Poetry: “Two Rooms” by Nels Hanson

“Are the living happier than

the dead?” children wonder

when they turn over a scarlet

 

brick and find a lost Atlantis.

There the worms are dragons

who tell explorers soon they’ll

 

die in a single second on some

certain day so the scene shifts

to summer, a doctor’s packed

 

waiting room. The shadow is

too deep, night itself emerges

from darkening leaves whose

 

emerald hides darkness behind

a secret door. A brightest toy

ages to the amber of October,

 

before the parted lips can sing

a ghostly someone recalls and

hums the old tune.

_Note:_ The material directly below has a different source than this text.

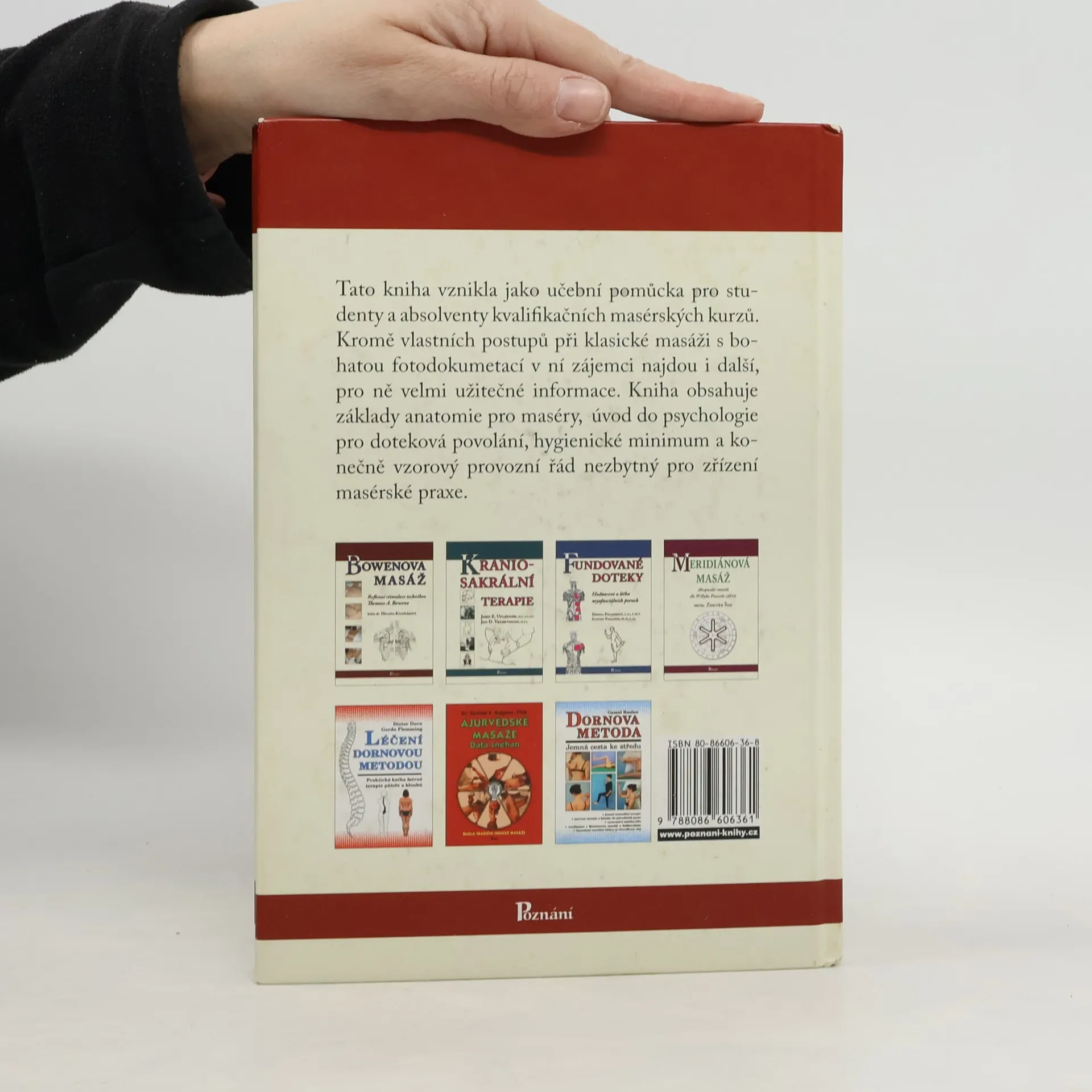 Tato kniha vznikla jako učební pomůcka pro studenty a absolventy kvalifikačních masérských kurzů. Kromě vlastních postupů při klasické masáži s bohatou fotodokumentací v ní zájemci najdou i další, pro ně velmi užitečné informace. Kniha obsahuje základy anatomie pro maséry, úvod do psychologie pro doteková povolání, hygienické minimum a konečně vzorový provozní řád nezbytný pro zřízení masérské praxe.

My young

 

father’s brown hair was white

with dust from the drywall’s

spackled nail heads he sanded

 

and my young mother smiled

then said, “At 50 you’re going

to be so handsome!” I heard it

 

through glass, gazing at newest

room of the new house already

ancient, felt a wave of cresting

 

evening I couldn’t stop or slow,

July ditch water racing down

furrows to a shadeless winter.

 

Above me two mourning doves

in a cherry tree sang words they

had by heart when shells broke

 

and spines grew to feathers for

wings though in tall air blue as

heaven there was nowhere to fly.

 

Nels Hanson grew up on a small farm in the San Joaquin Valley of California and has worked as a farmer, teacher and contract writer/editor. His fiction received the San Francisco Foundation’s James D. Phelan Award and Pushcart nominations in 2010, 2012, 2014 and 2016. His poems received a 2014 Pushcart nomination, Sharkpack Review’s 2014 Prospero Prize, and 2015 and 2016 Best of the Net nominations.